The North Point Thomson Project is located just north of the crest of the Barrow Arch in State of Alaska Waters with depths between 6’ and 20’.The project area is comprised of 5 leases and 1 tract totaling approximately 13,067 acres. Tract ADL 393577 lies along the northern border of the Point Thomson Unit (295 MMBO; 8 TCFG), about ¼ mile north of Challenge Island and the Challenge Is. #1 well. The project acreage is 8 miles northeast of the Badami Unit (60+ MMBO), 9 miles southwest of the Hammerhead-Sivulliq discovery (100-200+ MMBO), 17 miles west-southwest of the Kuvlum discovery (160-300 MMBO), and 14 miles northwest of the Stinson discovery (150+ MMBO).

The Point Thomson Field was “discovered” in 1975 when Exxon’s Alaska State #A-1 well had its 120 feet of Tertiary Flaxman Island turbidites certified as being Capable of Production in Paying Quantities (CPPQ) by the State of Alaska. Based upon the results of the #A-1 well and those of the previously drilled West Staines State #1 (1970) and West Staines State #2 (1971), Exxon received approval to form the Point Thomson Unit in 1977. Later that same year, Exxon encountered hydrocarbons in the L. Cretaceous Thomson sand in its PTU #1 well and this same interval from 12,780’ to 13,128’ MD(TVD) officially became the discovery for the sand. Delineation drilling continued over the years and in 2009 ExxonMobil drilled two more Point Thomson wells, the PTU-15 and PTU-16, as part of a $1.3 billion development project for the field. From 2012 to 2016, ExxonMobil constructed the Point Thomson production facilities which are designed to reinject produced gas back into the reservoir after first separating out the condensate. The liquids are then transported through the Point Thomson Export Pipeline (PTEP) for delivery to the Trans-Alaska Pipeline System (TAPS). Production began April 2, 2016 from the PTU-15 well and the Point Thomson Field has produced 2 MMBO and 38 BCFG to date. The pipeline connection to the Badami Unit has a 70,000 barrel per day capacity and the maximum liquid production potential of Point Thomson is expected to be only 10,000 barrels per day of gas condensate, leaving an excess capacity in the pipeline of 60,000 barrels per day. At a future date, additional production may come from the Sourdough pool, a Lower Tertiary turbidite oil discovery that was made by Chevron and BP in the southeastern corner of the Point Thomson Unit. Their 1997 announcement placed its reserves at 100 MMBO and it has been suggested that this reservoir may extend eastward under the ANWR Area 1002.

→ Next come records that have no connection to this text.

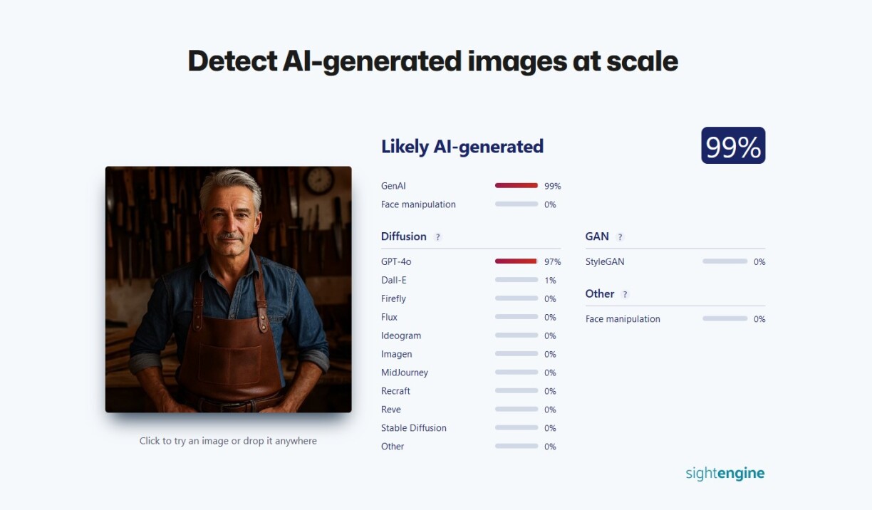 The pictures used on the website and the Facebook account are either easily identifiable as AI generated or stock photos, some of which may be over ten years old. Reverse image searches confirm none of the promotional photos depict authentic products or the purported artisan.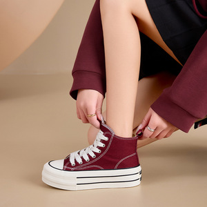 小个子厚底增高百搭休闲高帮帆布鞋女2025秋季新款轻便透气板鞋子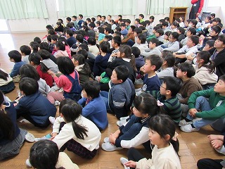 小学校2年生142名。全てのクラスが担任とともにはいっていました。部屋はいっぱい。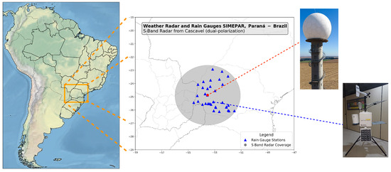 The quantitative precipitation estimation (QPE) method is a foundational pillar in hydro-meteorological sciences, with far-reaching implications for energy generation, agricultural planning, and environmental conservation. This study’s motivation arose from Brazil’s hydroelectric heart, Western Paraná, underpinned by the Itaipu Binational Dam, a global leader in hydroelectric energy output [1]. The complexities of weather forecasting in this region not only have academic and economic significance but also are vital for the strategic operation of hydroelectric reservoirs and for the protection of communities against the unpredictable forces of nature [2,3].
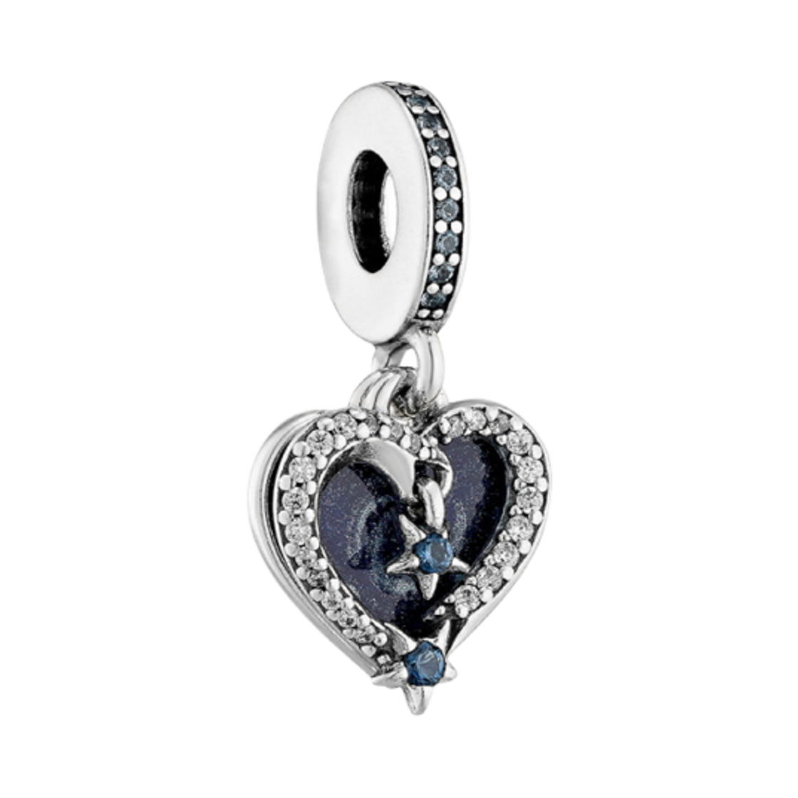 (W) 판도라 셀레셜 슈팅 스타 하트 더블 댕글 참 스털링 실버 블루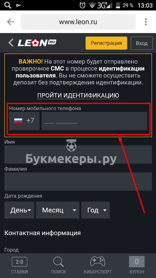 Чтобы зарегистрироваться нужно нажать на соответствующую кнопку в правом верхнем углу. Вводить необходимо достоверные данные. Leonbet, работает только с российскими пользователями. В графе номер телефона уже указан код России, номера других стран система отклонит.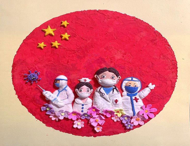 19级环境设计专业高洁采用粘土创作的《勇者无畏》描绘了白衣天使响应国家号召,放弃假期,义无反顾地投入防疫战斗中的场景,让我们感受到了战胜新型冠状病毒的信心和决心。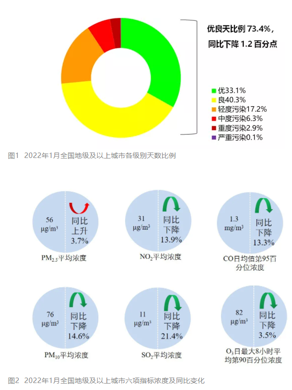 生態(tài)環(huán)境部今日向媒體通報(bào)了2022年1月全國(guó)環(huán)境空氣質(zhì)量狀況。 總體情況 1月,全國(guó)339個(gè)地級(jí)及以上城市平均空氣質(zhì)量?jī)?yōu)良天數(shù)比例為73.4%,同比下降1.2個(gè)百分點(diǎn);PM2.5平均濃度為56微克/立方米,同比上升3.7%;PM10平均濃度為76微克/立方米,同比下降14.6%;O3平均濃度為82微...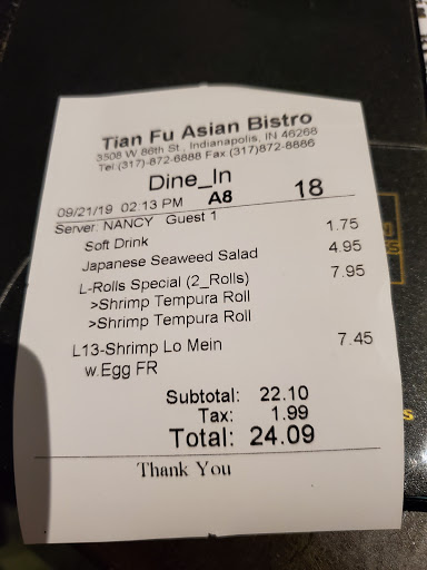 Edited(4*): Ordered online and arrived 30 min after order was placed. The receipt I was to sign was scribbled all over (like when someone tries to get ink from a pen flowing) and the food was not ready. I was hastily ushered as a walk-in and it took about 20 min for the food to be prepared. The crab rangoon wasnt as crispy as it should have been, and the General Tsos Chicken wasnt as flavorful as Im used to having. Not bad, still, but seems like the timing and quality is going down a bit. Prior(5*):Tremendously wonderful food. Their sushi isnt the best in Indy, but its tastey and nice to have alongside their other food. The atmosphere is very down-tempo with the lighting, but watching the chefs prepare the food in the kitchen (Glass you can see through into restaurant) makes things have a little tingle of a rush. I have always had good service there, but mostly I order online for pickup. May I recommend the Crab Rangoon with General Tsos Chicken? $$$/5 It can get a little pricey because of the amount of food ordered, but its pretty fairly priced.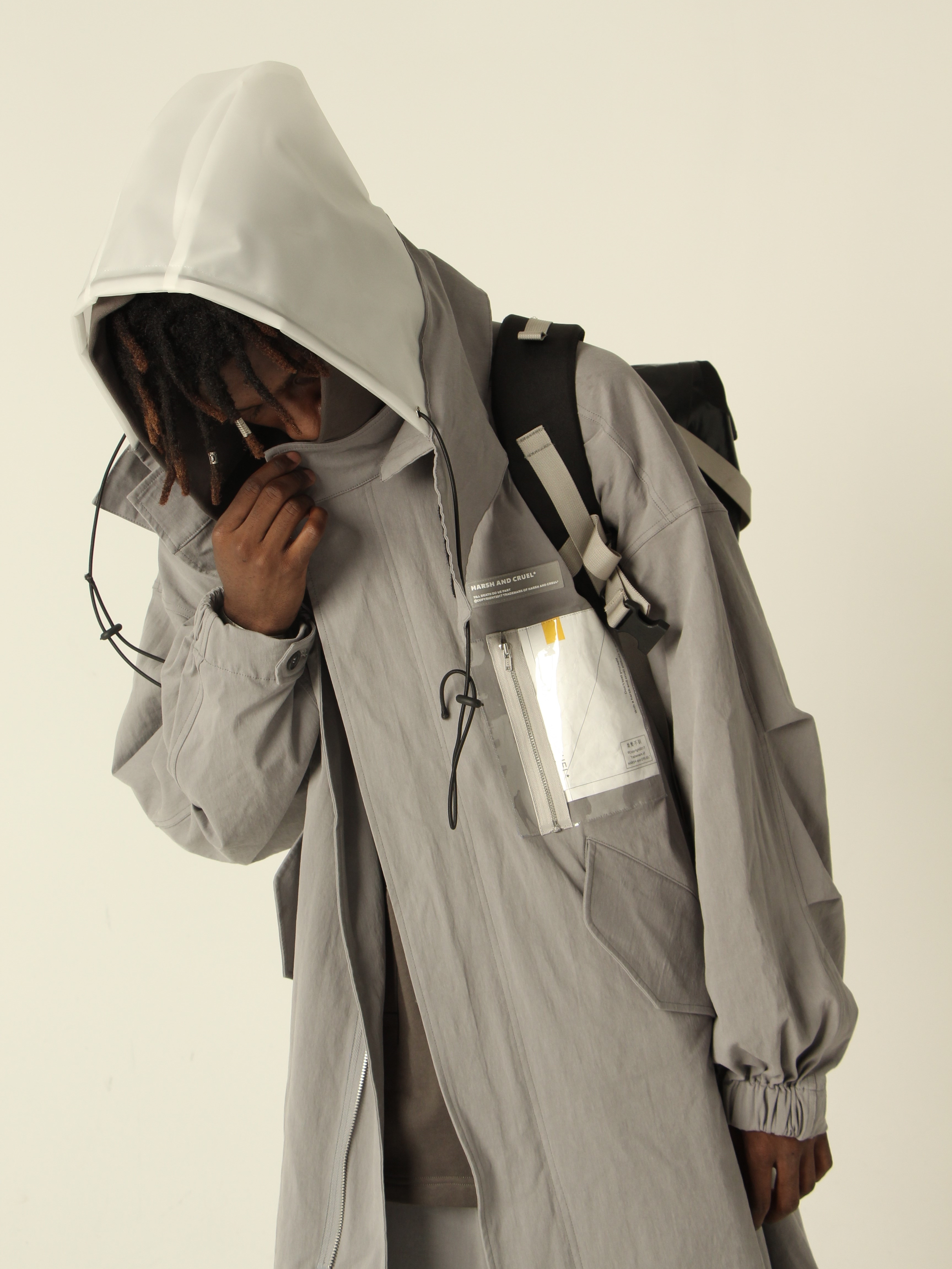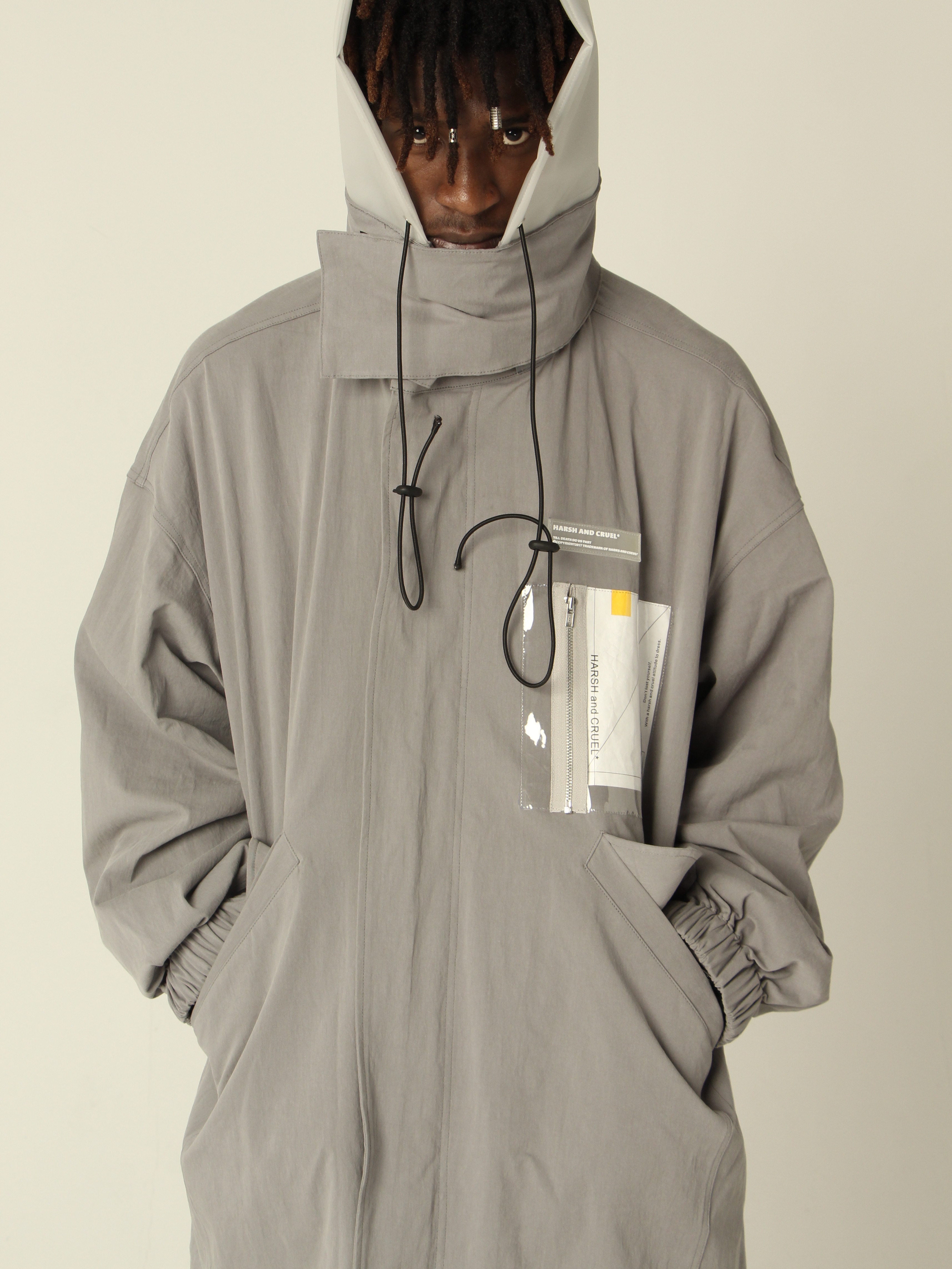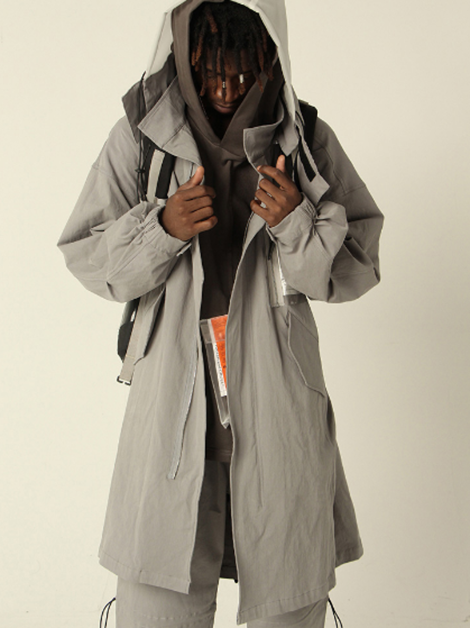 衣身采用中长款的版型设计,搭配连帽的样式,起到防风保暖的作用;后下摆处燕尾的剪裁,给予舒适自如的穿着体验;衣前两个 口袋的设计,趣味方便,增添衣身的层次效果。

The Badami Field initially began production in August of 1998 but suspended production from February to May 1999, again from 2003 until 2005, and a third time starting in September 2007. New partners joining in 2008 and eventually brought the field back into sustained production. The Badami Field was discovered in 1990 by Conoco when their Badami #1 well drilled to 13,595’ MD (12,911’ TVD) and had a drillstem test of over 4,000 BOPD from Brookian turbidite sands (Tertiary). These pay sands were encountered between 9,500’ and 11,500’ MD and were described as being very fine-to-fine grained and moderately sorted with porosities of 15-21%,  permeabilities of 1-400 md, and oil gravity of 21-30 degrees API. Original recoverable reserves in these turbidites were placed at 120 MMBO, but were reduced to 60 MMBO after subsequent drilling and production showed that the reservoir sands are complex, consisting of 61 identified fans laid down during seven depositional events. The field was shut-in in 2007 when production dropped to 1,300 BOPD from six straighthole wells. In 2008, Savant (90%) and ASRC (10%) formed a deal with BP in which Savant would drill one new development well (#B1-18A horizontal sidetrack) and one exploration well (Red Wolf #B1-38). The exploration well found oil in its primary objective (Mississippian Kekiktuk Formation) and in a shallower secondary objective (Tertiary Killian sands). Despite a reserve estimate for the Kekiktuk accumulation of 45 MMBO, the Killian horizon was selected to be part of the re-start production which included the new #B1-18A redevelopment well and four previous producers. Savant projected that the combined production from all six wells would eventually be more than 4,000 BOPD, however production has averaged plus or minus 1,000 BOPD since that time. In 2012, Savant targeted the Kekiktuk by drilling the Red Wolf No. 2 well (2 miles northwest of the #B1-38), but the horizon was wet. Recently, plans were announced to drill the Starfish Prospect in 2018, targeting Badami and Killian sands (Canning Formation) within the Badami Sands participating area.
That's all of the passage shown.